PROBLEM. Print the data exactly as written, but leave out each picture.

━━━━━━━━━━

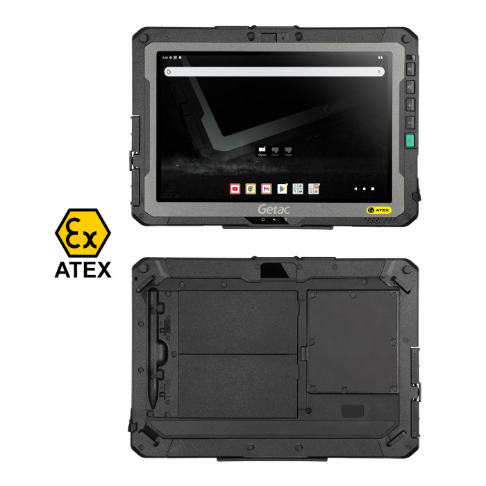 Εξαιρετικά ανθεκτικό tablet ZX10-EX της GETAC με ATEX και IECEx explosionproof πιστοποίηση, σχεδιασμένο για επαγγελματική χρήση σε βιομηχανικά περιβάλλοντα υψηλού κινδύνου, όπου υπάρχουν εκρήξιμα αέρια ή σκόνες.
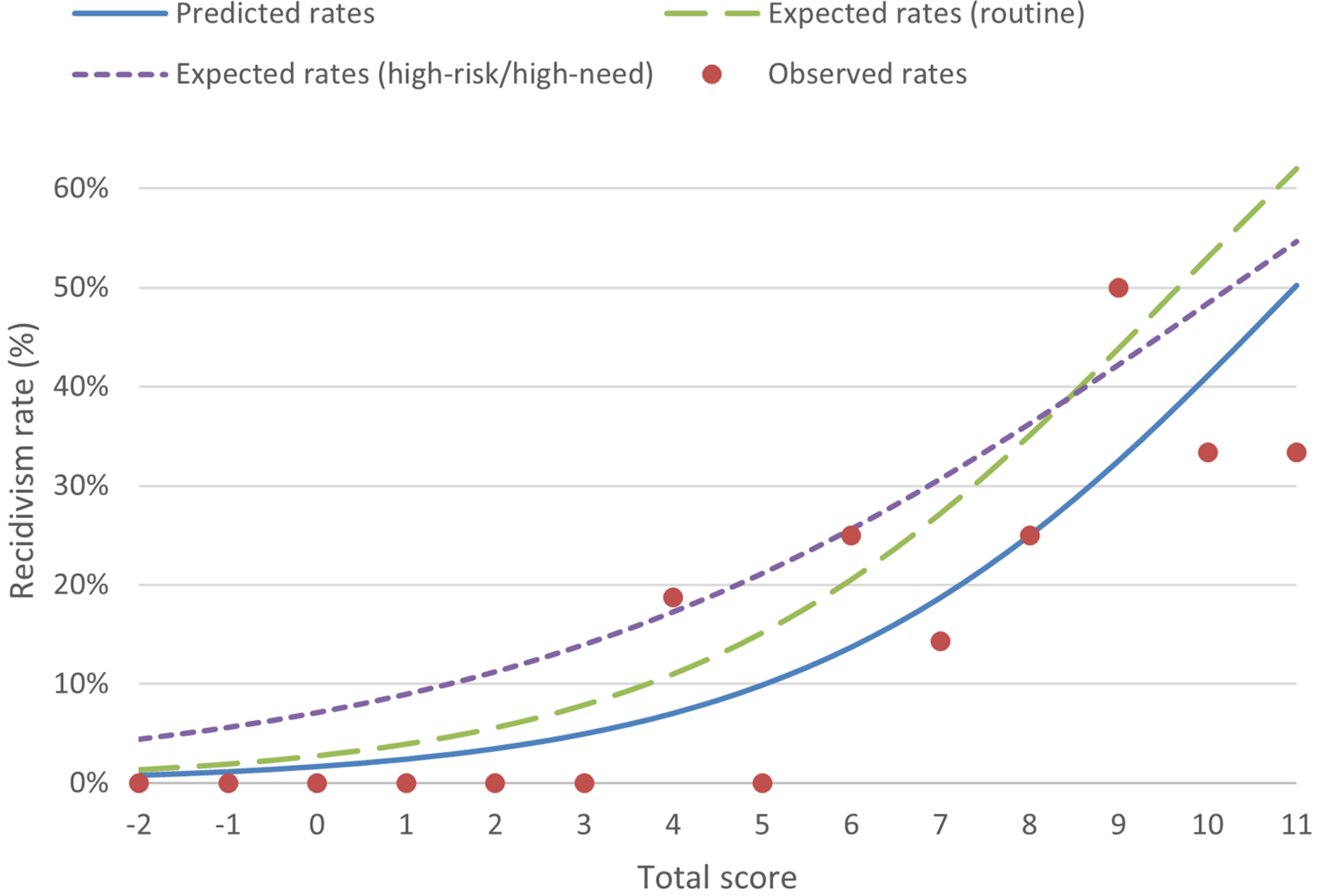 A calibration plot (Figure 2) visualizes the first 5 years after release in terms of predicted and observed recidivism rates for the study cohort (n = 100), as well as the expected recidivism rates calculated using the norms from the routine sample as well as from the high-risk/high-need sample. Predicted recidivism rates for the study cohort were consistently lower than the expected rates derived from the routine and high-risk/high-need samples.
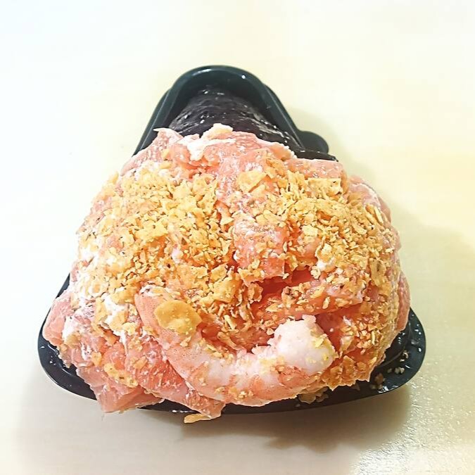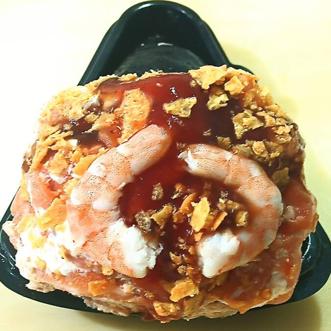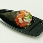 Big temaki de salmão cru ou salmão grelhado, com camarão, creme cheese, arroz e com o recheio misturado com Doritos
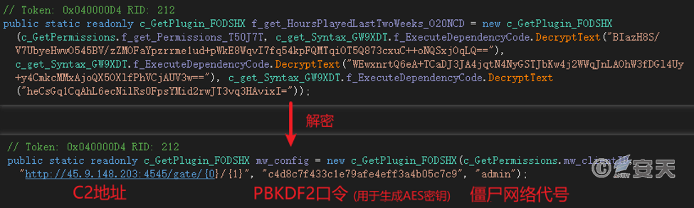 Connect http://45.9.148.203:4545/gate/<用户ID>/getFile?name=<僵尸网络代号>_plugin_settings.json to obtain the configuration information. the decrypted contents and meanings are shown in the figure below.
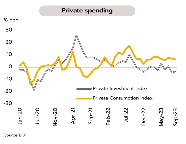 ขณะที่อุปสงค์ในประเทศชะลอลงบ้างหลังจากเร่งตัวไปในเดือนก่อน โดยการบริโภคภาคเอกชนชะลอลง (+6.3% vs +7.0% เดือนสิงหาคม) จากหมวดการใช้จ่ายสินค้าไม่คงทนและสินค้ากึ่งคงทนเป็นสำคัญ อย่างไรก็ตาม การใช้จ่ายในหมวดบริการยังคงเพิ่มขึ้นโดยเฉพาะในหมวดโรงแรมและภัตตาคาร ด้านการลงทุนภาคเอกชนหดตัวต่อเนื่อง (-3.6% vs -4.4%) โดยลดลงทั้งในหมวดเครื่องจักรและอุปกรณ์ และหมวดก่อสร้าง
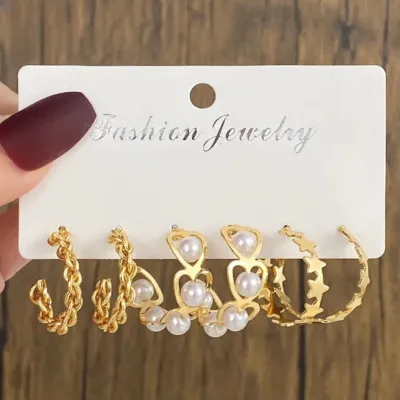 Vintage Gold Design Pearl Stud Earrings ( 6 Pairs )
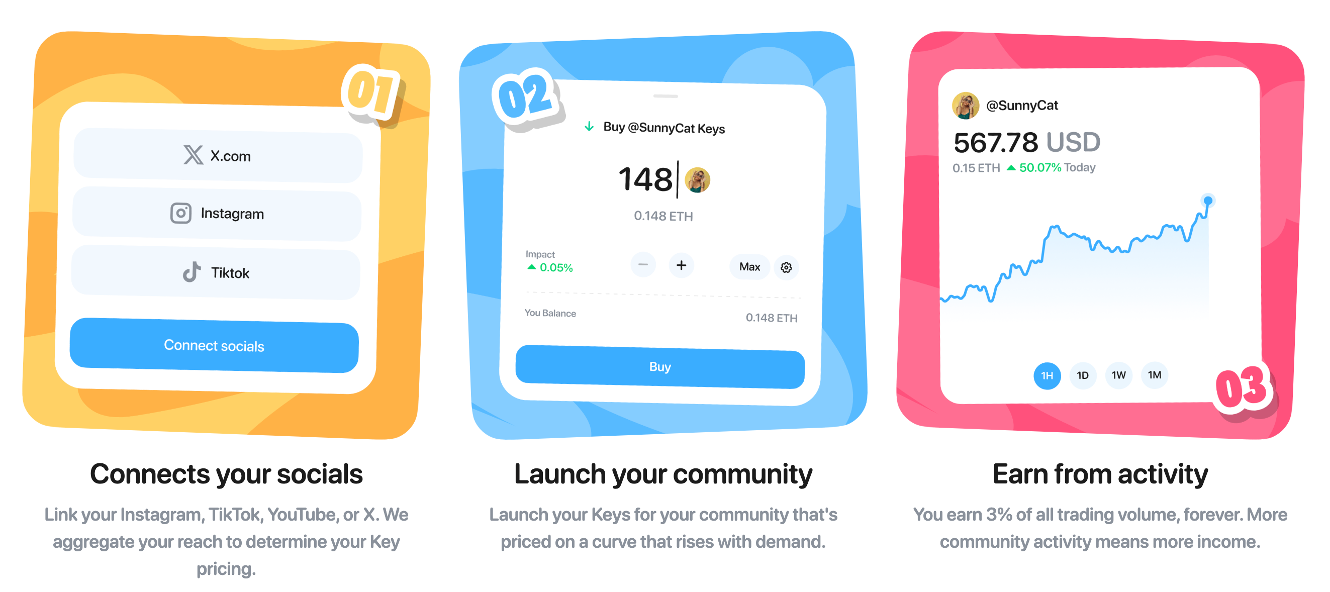 クリエイター側はX、Instagram、TikTokのSNSアカウントをリンクすることでアカウント作成が可能で、キー価格は購入数に加えて、インプレッションやエンゲージメント等と連動して上昇していきます。

━━━━━━━━━━

WRITTEN RESPONSE.
 Εξαιρετικά ανθεκτικό tablet ZX10-EX της GETAC με ATEX και IECEx explosionproof πιστοποίηση, σχεδιασμένο για επαγγελματική χρήση σε βιομηχανικά περιβάλλοντα υψηλού κινδύνου, όπου υπάρχουν εκρήξιμα αέρια ή σκόνες.
 A calibration plot (Figure 2) visualizes the first 5 years after release in terms of predicted and observed recidivism rates for the study cohort (n = 100), as well as the expected recidivism rates calculated using the norms from the routine sample as well as from the high-risk/high-need sample. Predicted recidivism rates for the study cohort were consistently lower than the expected rates derived from the routine and high-risk/high-need samples.
 Big temaki de salmão cru ou salmão grelhado, com camarão, creme cheese, arroz e com o recheio misturado com Doritos
 Connect http://45.9.148.203:4545/gate/<用户ID>/getFile?name=<僵尸网络代号>_plugin_settings.json to obtain the configuration information. the decrypted contents and meanings are shown in the figure below.
 ขณะที่อุปสงค์ในประเทศชะลอลงบ้างหลังจากเร่งตัวไปในเดือนก่อน โดยการบริโภคภาคเอกชนชะลอลง (+6.3% vs +7.0% เดือนสิงหาคม) จากหมวดการใช้จ่ายสินค้าไม่คงทนและสินค้ากึ่งคงทนเป็นสำคัญ อย่างไรก็ตาม การใช้จ่ายในหมวดบริการยังคงเพิ่มขึ้นโดยเฉพาะในหมวดโรงแรมและภัตตาคาร ด้านการลงทุนภาคเอกชนหดตัวต่อเนื่อง (-3.6% vs -4.4%) โดยลดลงทั้งในหมวดเครื่องจักรและอุปกรณ์ และหมวดก่อสร้าง
 Vintage Gold Design Pearl Stud Earrings ( 6 Pairs )
 クリエイター側はX、Instagram、TikTokのSNSアカウントをリンクすることでアカウント作成が可能で、キー価格は購入数に加えて、インプレッションやエンゲージメント等と連動して上昇していきます。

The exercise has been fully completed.